Inventors have argued that hyperlipidemia patients and diabetic patients are in mind that most patients with hyperlipidemia and diabetics are already treated for hyperlipidemia and diabetes. About 10,000 people have been evaluated for phenotypes such as hyperlipidemia. Despite selection of patients with hyperlipidemia, etc., whose concentration waveform of the Disc-PAGE method was different from the group of normal lipids, despite the treatment of hyperlipidemia, etc. Based on these findings, we discovered an algorithm that determines each type of hyperlipidemia.
In determining an algorithm such as hyperlipidemia, the metabolism of lipoproteins is mainly divided into endogenous lipoproteins and exogenous lipoproteins, and the determination of phenotype may be confused unless they are distinguished.
Endogenous lipoproteins are substances produced, secreted and metabolized mainly in the liver, and are a group of VLDL, IDL, LDL, small, dense LDL, and HDL. Of these, VLDL, which has the largest particle size, has a particle size of about 40 nm at most. Therefore, it is always called milky serum, in other words, milk serum after blood has been collected and serum separated just because VLDL is large. It will not be in a state. Milk milk serum appears when CM or CM remnant present in exogenous lipoprotein is present. It is said that CM and CM remnants have large particle sizes and may exceed 100 nm. If the minimum wavelength of visible light is 300 nm, CM and CM remnants will partially block visible light transmission. In particular, a phenomenon that serum becomes cloudy, that is, milk serum appears. In fact, we confirmed that volunteers had no milk in the serum without breakfast, and blood samples were taken at regular intervals after meals and examined for properties. After 2 or 3 hours after meals, they became milk serum. However, these people have confirmed that there is no change in the group of IDL, LDL, small, dense LDL, and HDL, although the amount of VLDL is slightly increased. Based on the above, it was determined that the presence of milk serum was deeply related to exogenous lipoprotein metabolism. When lipoproteins are discussed at the level of serum lipids, it is written in textbooks that dairy serum becomes high when the measured value of TG is high, but this is incomplete. Since TG is also present in large amounts in CM and CM remnants, it is because it was believed that patients with high TG were milk serum when viewed only from general biochemical quantitative values. Actually, TG is high in most cases of milk serum, but conversely, it is not milk serum because of high TG. Therefore, when discussing phenotypes such as hyperlipidemia, it has been found that accurate determination cannot be made when proceeding based on the TG value. I made it.

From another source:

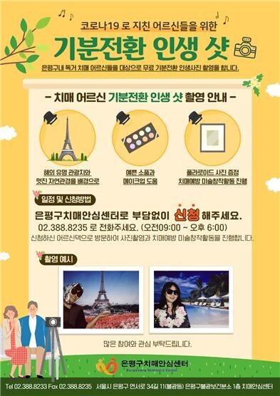 은평구 치매안심센터는 이번 ‘기분전환 인생샷’ 프로젝트를 통해 치매어르신들 중에서도 상대적으로 사회적 교류가 적은 독거 치매어르신이 심리적 지지를 얻고 삶의 환기를 경험 할 것으로 기대하고 있다.

In the Disc-PAGE method, type V hyperlipidemia is said to have high TG, CM, and VLDL and low values of IDL, LDL, small, dense LDL, but there was no clear standard. We have set an algorithm of type V hyperlipidemia from a number of test results.
Algorithm for type V hyperlipidemia 1) The fraction of VLDL is 30% or more in the lipoprotein concentration waveform.
2) The peak value of the concentration waveform of IDL, LDL, small, dense LDL or the absorbance OD value at the maximum position in the set range is 0.1 or less, respectively.
3) The fraction% of HDL is 10% or more.
Note that a fractional fraction of VLDL of 30% or more indicates that the TG value of a patient who is not milk serum is approximately 200 mg / dL (Non-patent Document 7), and IDL, LDL, small, dense. The fact that the concentration waveform of LDL is thin was expressed by an absorbance OD value of 0.1 or less.

For type III hyperlipidemia, an algorithm of type III hyperlipidemia was set, centering on the presence of IDL that exhibits the same behavior as Floating β-LP as described in Non-Patent Document 1.
Algorithm for Type III Hyperlipidosis 1) The fraction of VLDL in the lipoprotein concentration waveform is 30% or more.
2) The peak value of the concentration waveform of LDL, small, dense LDL or the absorbance OD value at the maximum position in the set range is 0.1 or less, respectively.
3) The IDL fraction% is 10% or more.
Note that type III hyperlipidemia is characterized by the appearance of IDL by the Disc-PAGE method. This application has a fraction% of IDL of 10% or more, and other LDL and small, dense LDL. It was decided that the light absorbance waveform OD value was 0.1 or less. Furthermore, it is said that type III hyperlipidemia is essential to confirm the presence of apoprotein E2 by apo-E genotype or pheno-type test. I didn't get into the algorithm.

Type II hyperlipidemia refers to a state in which TC is high and TG is relatively low, and is classified into type IIa and type IIb based on the abundance of TG. Since the amount of TG also increases in milk serum, as described above, the algorithm of type IIa hyperlipidemia was set in the present application from the fraction% of VLDL and the TC value.
The cut-off of the quantitative value of TC was set to 220 mg / dL or more, which is the criterion for hypercholesterolemia described in Non-Patent Document 2 and Non-Patent Document 3.
Type IIa hyperlipidemia algorithm 1) The fraction of VLDL is less than 15% in the lipoprotein concentration waveform.
2) The quantitative value of TC is 220 mg / dL or more.
In general, type IIa hyperlipidemia is a patient who has few unstable lipoprotein IDL, small, dense LDL in the Disc-PAGE method and does not show abnormal lipid quality in the lipoprotein concentration waveform. Here, the quantitative value of TC was 220 mg / dL or more, and the fraction of VLDL was less than 15% of the upper limit of normal.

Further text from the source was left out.